Gaza City is an odd place. Dusty, hot, and teeming with children, it offers scenes of squalor juxtaposed with bursts of opulence. Donkey carts coexist with Jaguars roaring by. Futuristic buildings colored pink and periwinkle—built recently when the Palestinian Authority came here to govern and rich Arabs invested in the city—tower over neighborhoods where older buildings have been ripped apart by Israeli bombs.

Despite the unrest, people carry on. Shops sell furniture and mobile telephones; people go out to dinner. One afternoon, I passed a school when the gates opened. Children gushed out, the boys in T-shirts and blue denim, the girls in head scarves and long smocks—separate from the boys since the society is Muslim.

As I traveled throughout the Gaza Strip, I kept encountering multitudes of children. In the north at Beit Hanoun, they played soccer in streets chewed up by Israeli bulldozers, hide and seek in the rubble of demolished houses, and even romped on jagged water pipes and bridges that the Israelis had bombed.

I thought it sad that the Israeli government found collective punishment necessary, inflicting wounds on neighborhoods, villages, and towns for the crimes of single terrorists. The policy is disproportionate, and it has not worked.

Most Palestinians are ambivalent about Hamas and the other militant Muslim groups. On the one hand, they admire Hamas for its fierce resistance to Israel and the United States; on the other they want peace and quiet, work to feed their families, and they hold Hamas responsible for the paralysis of their economy and the horrors of collective punishment.

Yet these huge Palestinian families may one day unlock the riddle of the Arab-Israeli conflict. I mentioned the mobs of children thoughout Gaza—and the same is so in the West Bank. Palestinians generally do not practice birth control; it is not unusual to meet a Palestinian father who has eight, 10, or even 15 children. Israeli families normally do not exceed two or three children.

This phenomenon is what sociologists call a "demographic time bomb"—and it terrifies Israelis across the political spectrum. Within the next two decades, Arabs between the Mediterranean and the Jordan River will surpass Jews in numbers. Many Palestinians consider the road map a bad joke, and are willing to wait until Arabs command a majority in all of historical Palestine.

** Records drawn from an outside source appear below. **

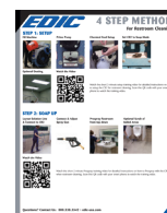
Laminated operation line card to mount on machine or on wall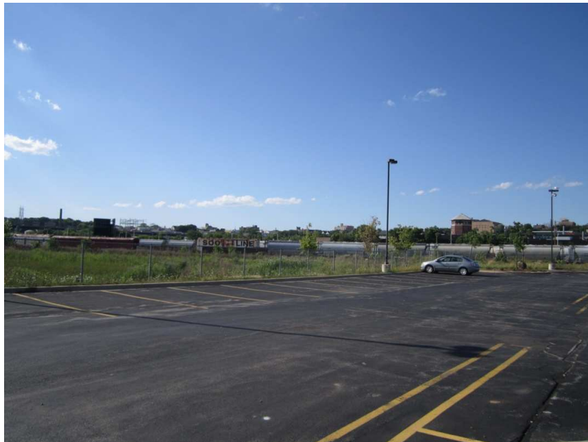
Northwest View from Biogas Generation Site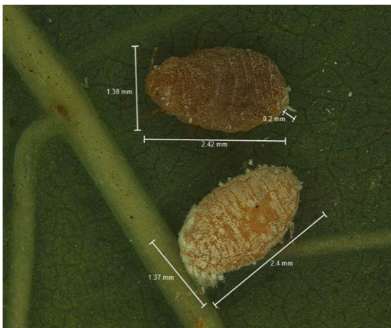
Fig. 3. Phenacoccus manihoti Matile-Ferrero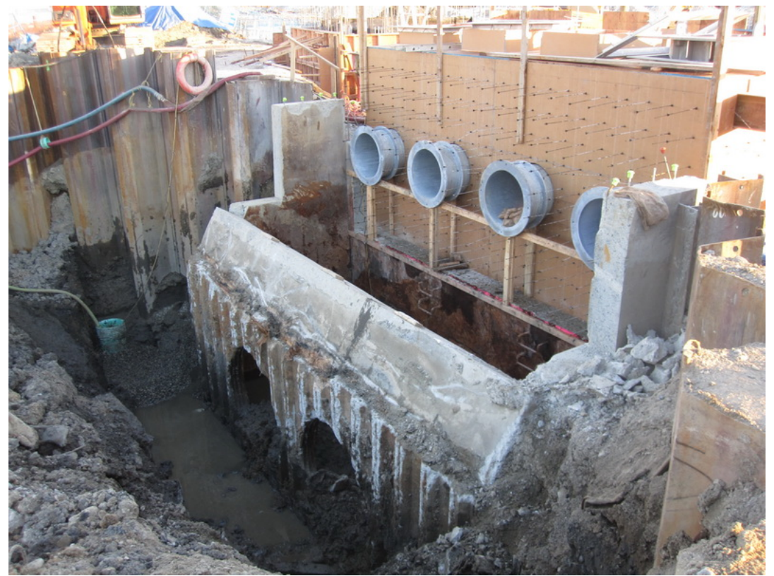
Flood Box Demolition/Construction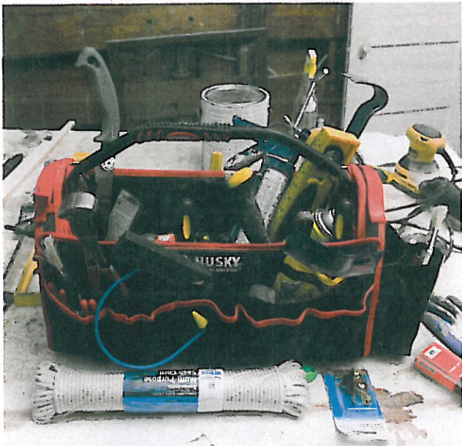
Pam's tool kit includes essentials such as sash rope and a spirit level, plus safety gear such as earplugs. (For details on all the safety gear you'll need for a window-restoration project, see page 57.)

likes because of its narrow dimensions. "I start by breaking the seal with the small pointed tip and turning it, eventually getting the whole narrow edge in so I can gently pry that trim apart," she says. Do this carefully, easing nails out and removing screws if you find any. Gently apply pressure to pry trim away from the wall. After you've created some space, switch to a flat crowbar, again applying gentle force. The bottom sash comes off next. (It's a good idea to mark this—and all other components—so you can be sure to put the window back together correctly. Pam recommends a fine-tip magic marker used in a spot that's not going to be sanded or painted.) After that, the parting stops can be removed. Usually these split when Pam takes them out, but she tries to keep them intact if they're otherwise in perfect condition by using pliers to ease them out once they're loose. She replaces damaged stops with standard 1/2" by 3/4" window trim from the local lumberyard. The top sash comes out last.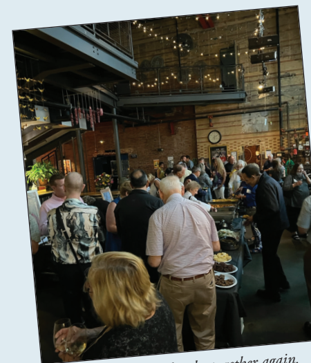
It was wonderful to be together again.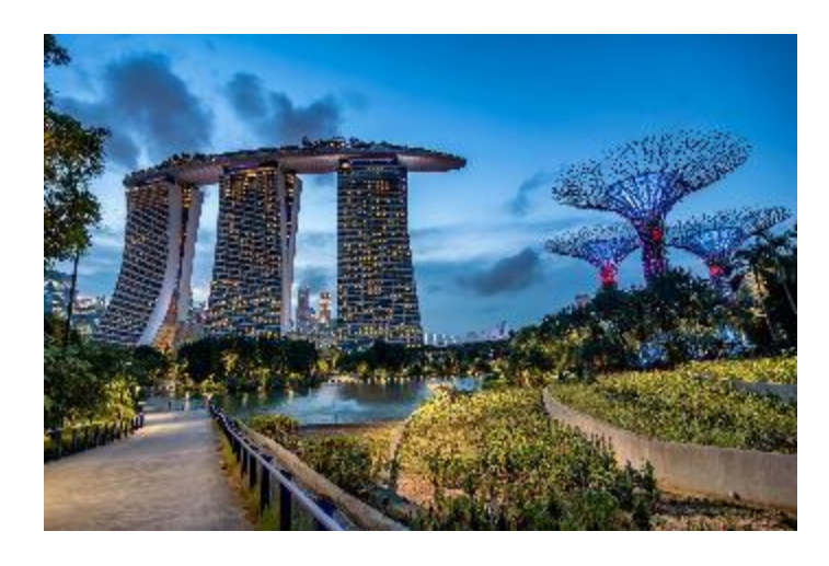
Marina Bay & Gardens by the Bay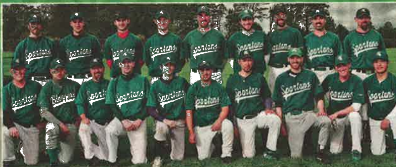
The Spartans (above) won the title at the expense of the Hurricanes (below)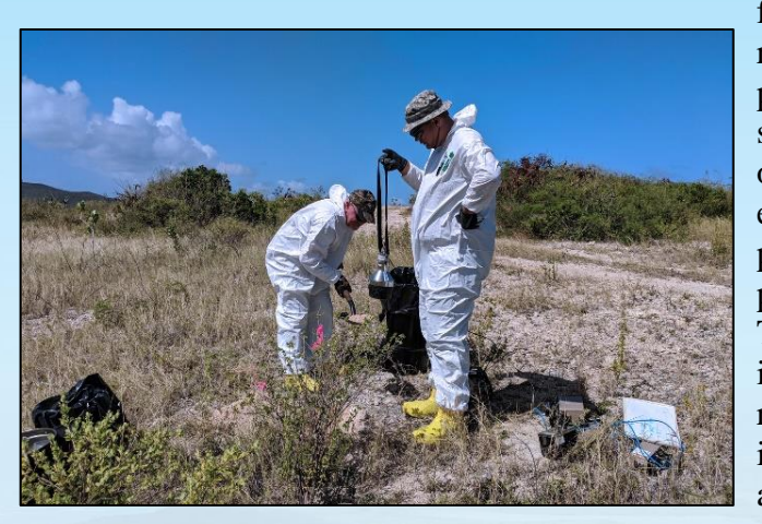
Figure 7. Team comprising radiological and UXO specialists locate and remove depleted uranium projectiles and collect soil samples.

Radiological Investigation Addresses Significant Public Concern – In 1999, depleted uranium (DU) armor-penetrating projectiles were accidentally fired during military training exercises on Vieques. The Nuclear Regulatory Commission and the Navy immediately implemented a cleanup effort, but not all DU projectiles were recovered. In January 2018, working closely with EPA and the Navy's Radiological Affairs Support Office (RASO), a combined radiological and munitions response team performed a position-correlated gamma scan across the DU area,

Michael Tarazi, a legal adviser to the Palestinian Authority, urges patience until Arabs and Jews become in effect one entity throughout Israel and the West Bank and Arabs can demand equal rights. He argues that eventually the world will impose a one man, one vote system on Israel. Soon enough, with an Arab majority, a Palestinian will be elected president of a new state embracing all of Israel, Gaza, and the West Bank.

The argument is full of holes, but demographically it contains a certain logic. Liberal Israelis are determined to retain Israel's mostly Jewish character. They realize that time for a two-state solution is running out. They agree with the Arabs that Ariel Sharon's plan for a minimal Palestinian state will never work.

Thus they are thrown back on President Bush's "road map." This process—already so vague about final borders and how a Palestinian state will be achieved—will inevitably fail unless Bush makes decisions from which his predecessors have recoiled. Of course he will put pressure on the Palestinian Authority to crack down on terrorism. But how will he confront the obstructions and delaying tactics of Sharon, who palpably has no intention of dismantling major settlements or surrendering East Jerusalem?

One wonders whether Bush has a clear idea of the mountains he must move. Does he realize that to move Sharon he may have to withhold spare parts for the Apache helicopters, F-16 aircraft, and other military equipment that the United States sells or gives to Israel?

Polls show that most Israelis still want to exchange land for peace. Reports reaching Israel suggest that Bush is furious with the Sharon government for impeding the road map. Possibly he senses that this is the last chance for a two-state solution. Those multitudes of children in Gaza and the West Bank will soon grow up, and then the demographic time bomb may explode.